Los deseos de paz
y unidad expresados en la mentalidad de los humanistas fueron negados en la
realidad por los enfrentamientos y guerras entre los pueblos europeos.
Proliferaron las
llamadas guerras de religión, pero la religión era la cortina ideológica que
ocultaba otros motivos, fueran estos políticos, económicos o culturales. Los
lazos de unidad que antaño crearon ese espacio de la Cristiandad se rompieron y
dieron lugar a la formación de los estados modernos, luchando por encontrar una
identidad propia, reproducción a pequeña escala de los poderes centralizados a
los que combatían.
Ya fuera la Guerra
de los Treinta Años en el interior del Sacro Imperio Romano Germánico, la
Guerra de los Hugonotes en Francia o la rebelión de los Países Bajos contra
España, todos esos conflictos buscaban la legitimidad de las nuevas monarquías
y la cohesión interna de los territorios que dominaban.
Ciertamente
amplios territorios permanecieron fieles al Papa y, capitaneados por España,
intentaron mantener la fe católica. El Concilio de Trento significó un cierto reordenamiento
del mundo católico, pero al mismo tiempo el reconocimiento de su incapacidad
para devolver la unidad espiritual a Europa.
Los reyes y príncipes
surgidos de las turbulencias post renacentistas legitimaron su poder y
autonomía en ser los garantes del orden y la estabilidad en sus territorios. Ellos representaban los intereses nacionales, y esos mismos intereses respaldaban la centralización institucional y el fortalecimiento de las estructuras administrativas
que afirmaban el poder de los monarcas sobre sus territorios.
Los tratados de la
paz de Westfalia (1648) fueron los acuerdos entre los actores de estos
conflictos que sancionaban el reconocimiento de la autonomía de cada estado en el nuevo orden europeo. Así se ponía fin a la Guerra
de los Treinta Años en Europa y la Guerra de los Ochenta Años entre España y
los Países Bajos. En esos tratados se buscaba un equilibrio de poder y convivencia armoniosa entre las distintas confesiones religiosas.

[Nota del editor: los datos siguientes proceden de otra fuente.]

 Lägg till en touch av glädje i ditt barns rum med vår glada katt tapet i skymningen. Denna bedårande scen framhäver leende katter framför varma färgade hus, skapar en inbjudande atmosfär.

En realidad, creo, que más que una paz se trataba de una tregua dictada más por el cansancio que por un entendimiento de la situación.
Los pedazos de esa
Cristiandad rota obligan a una política de alianzas y enfrentamientos entre los
diferentes estados, de acuerdo con los intereses de los que detectan el poder.

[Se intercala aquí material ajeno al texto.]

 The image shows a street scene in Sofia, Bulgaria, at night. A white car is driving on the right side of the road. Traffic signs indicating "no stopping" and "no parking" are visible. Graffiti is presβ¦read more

Sorprendentemente esa ruptura de la unidad no significó un estancamiento en el crecimiento de esos territorios. La imprenta facilitó la difusión de ideas, debates y pensamiento humanista en medio de los conflictos entre poderes. Los centros urbanos, las universidades y los círculos intelectuales eran focos de discusión de dogmas y fuente de nuevas interpretaciones de la fe. Y así es como va emergiendo una nueva figura humana: el burgués enriquecido y el libre pensador, los llamados a ser protagonistas en el siguiente paso del devenir europeo.

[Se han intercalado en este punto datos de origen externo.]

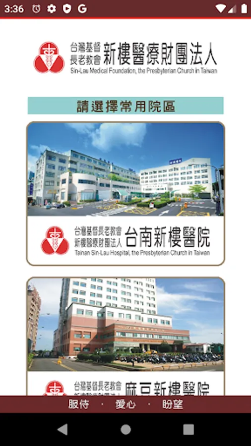新樓醫院在歷任院長的用心經營下,以及新樓人秉持著本院精神:服待(Service)、愛心(Love)、盼望(Hope) 的默默付出,方能走過百年歲月,直至今日成區域教學醫院的規模。新樓醫院有台南新樓醫院、麻豆新樓醫院(含麻豆新樓護理之家)、新樓安南診所三個院區,提供台南市民完善的醫療服務。

¿Quién perdió en las guerras de religión? Aparentemente la fe. O si se quiere, la Iglesia Católica como institución que encarna la unidad de la Cristiandad. Ella ya no ofrece un soporte seguro en el que apoyarse en las zozobras espirituales. También las diversas iglesias nacidas de ese alejamiento de la Iglesia Católica tendrán un destino similar, aunque temporalmente puedan ofrecer el soporte subjetivo de una comunidad cristiana entusiasta.
¿Quién ganó en las
guerras de religión? Aparentemente la razón. O si se quiere la visión laicista
de la vida. En ella pondrá el hombre su esperanza (o justificará sus
ambiciones). Así como en la Cristiandad se negaba en la tierra el cielo que prometía, en la Europa nacida del Humanismo también se negaba en la tierra el Bien que la Razón aseguraba.